The Queen’s Gold Medal for Poetry 2009

Published

THE FOLLOWING STATEMENT IS ISSUED BY THE PRESS SECRETARY TO THE QUEEN

The Queen’s Gold Medal for Poetry 2009

The Queen has approved the award of Her Majesty’s Gold Medal for Poetry for the year 2009 to Don Paterson.

 

Biography

Don Paterson was born in 1963 and spent his early years in Dundee. After working as a professional musician and composer he was appointed Creative Writing Fellow in the English faculty at the University of St Andrews. In addition he is Poetry Editor at Picador (an imprint of the publishers Pan Macmillan), and has written five collections of poetry, Nil Nil (1993), God's Gift to Women (1997) - winner of both the T. S. Eliot Prize and the Geoffrey Faber Memorial Prize, The Eyes (1999), Landing Light (2003), which won both the T. S. Eliot Prize and the Whitbread Prize for Poetry, and Rain, published to considerable acclaim by Faber, and winner of the Forward Prize for Best Collection in 2009. Mr Paterson was appointed OBE in the 2008 Birthday Honours, and is a Fellow of the Royal Society of Literature.



History of the Gold Medal for Poetry



The Gold Medal for Poetry was instituted by King George V in 1933 at the suggestion of the then Poet Laureate, John Masefield. Recommendations for the award of the Medal are made by a committee of eminent men and women of letters, selected by the Poet Laureate (Carol Ann Duffy).

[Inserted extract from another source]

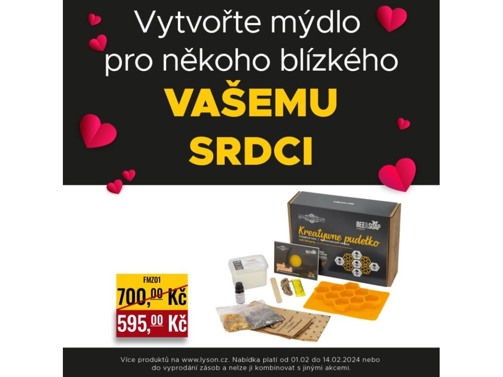 Inovativní včelí produkty Vítejte ve světě včelích a přírodních produktů BEE & SOAP LYSON a Honey Therapy. Nyní jsme naši nabídku rozšířili o inovativní ručně vyráběnou kreativní sadu. Díky němu získáte možnost vytvářet vlastní kompozice včelích mýdel na bázi glycerinu, květinové aromatické sušiny a jemných kosmetických přísad. Hlavní výhodou kreativního boxu je, že speciální formu můžete používat k výrobě mýdel opakovaně. Složení lze samozřejmě obměňovat vlastními řešeními, pokud jde o vůni nebo barvu výsledného produktu. Kromě toho se při přípravě mýdel používá med a včelí vosk. Díky vysokému obsahu vitamínů, aminokyselin, esterů a organických kyselin jsou tyto složky skutečnou výživovou bombou pro lidskou pokožku. Glycerinový základ vám poskytne podporu při rekonstrukci epidermis. Výhody kreativního boxu pro zdravotnictví Nezapomínejme, že kreativní box je navržen a určen pro celou rodinu - jeho používání doma umožní další integrační rozměr výrobku. Doporučujeme vám vyrábět mýdla společně s dětmi, přáteli a příbuznými. Může to být skvělá společná zábava pro všechny a zároveň to může mít skutečný dopad na aktivní budování environmentálního povědomí a postojů. Kreativní box umožní aktivity v tvůrčích dílnách, podnítí kreativitu a zvýší vzdělávací hodnotu u těch nejmenších. Výsledkem těchto tvůrčích činností budou ručně vyráběná mýdla. Takto přesně víme, čím si vlastně myjeme pokožku. Známe použité suroviny a navíc můžeme vypracovat recepty na jejich přípravu. Doba přípravy finálních výrobků je přibližně 15 až 20 minut. Skvělým a důmyslným řešením při přípravě mýdel bude použití dalšího aromatického koření jako složky jejich konečného obsahu. Je třeba zdůraznit vysokou účinnost mýdel. Díky svým vlastnostem pokožku po umytí nevysušují - zanechávají ji hydratovanou a regenerovanou. Perfektní řešení dárků s motivem včel Mýdla i samotná kreativní krabička mohou být skvělým dárkem ke zvláštním příležitostem, k Vánocům nebo na firemní akce - možností je mnoho - záleží jen na vašich potřebách. Navrhovaná kreativní sada je neobvyklý a inovativní produkt, který je k dispozici všem. Můžete s ním vytvořit poutavé, stylové a účinné produkty, které se postarají o vaši pleť. Kromě toho nabízíme komponenty, které tuto sadu rozšíří a doplní o mnoho nových možností kompozice. Formu, která je součástí sady, lze použít k výrobě dekorativních prvků ze surovin, jako je keramická omítka, kreativní beton, epoxidová pryskyřice, mýdlový základ, parafín, sójový vosk a palmový vosk. Síla květnaté louky a síla přírodních složek jsou dva klíčové prvky, na kterých stavíme vývoj nových produktů pro zdraví včel. Příroda přesně ví, co je pro nás dobré. Důvěřujte přírodě - důvěřujte značkám BEE & SOAP LYSON a Honey Therapy. Box zahrnuje: Speciální forma opakovatelně použitelná Mýdlová glycerinová báze Naturální med Včelí vosk Esenciální olej Sušene květiny Papír balící polopergamen Dekorační eko provázek Dřevěná špachtle Výhody produktu: - opakovaně použitelná forma z pružného a elastického materiálu - lehká a snadno použitelná (po dokončení práce lze mýdla z formy velmi snadno vyjmout) - rozšířená funkčnost formy - lze ji použít k výrobě voskových svíček i prvků z jiných dostupných materiálů - formy vhodné pro mytí v myčce nádobí - v nabídce jsou navíc k dispozici jedinečné vzory forem - díky sadě se mýdla snadno připravují a jsou bezpečná, bez potřeby dalších specializovaných nástrojů. Formát balení a prvků soupravy: hlavní balení: 330 x 240 100 mm silikonová forma: 160 x 220 x 21 mm glycerinový základ: 118 x 89 x 77 mm Hmotnost sad: FMZ01 - Kreativní krabička - Bee&Soap - Šestiúhelníky - 1,12 kg FMZ02 - Kreativní krabička - Bee&Soap - Květiny - 1,16 kg FMZ03 - Kreativní krabička - Bee&Soap - Smajlíci - 1,14 kg FMZ04 - Kreativní krabička - Bee&Soap - Malé šestiúhelníky - 1,09 kg

The Medal is awarded for excellence in poetry, on the basis either of a body of work over several years, or for an outstanding poetry collection issued during the year of the award. The poems will have been published. The poet will be from the United Kingdom or a Commonwealth realm. The obverse of the medal bears the crowned effigy of The Queen. The idea of the reverse, which was designed by the late Edmund Dulac, is “Truth is emerging from her well and holding in her right hand the divine flame of inspiration – Beauty is Truth and Truth Beauty”.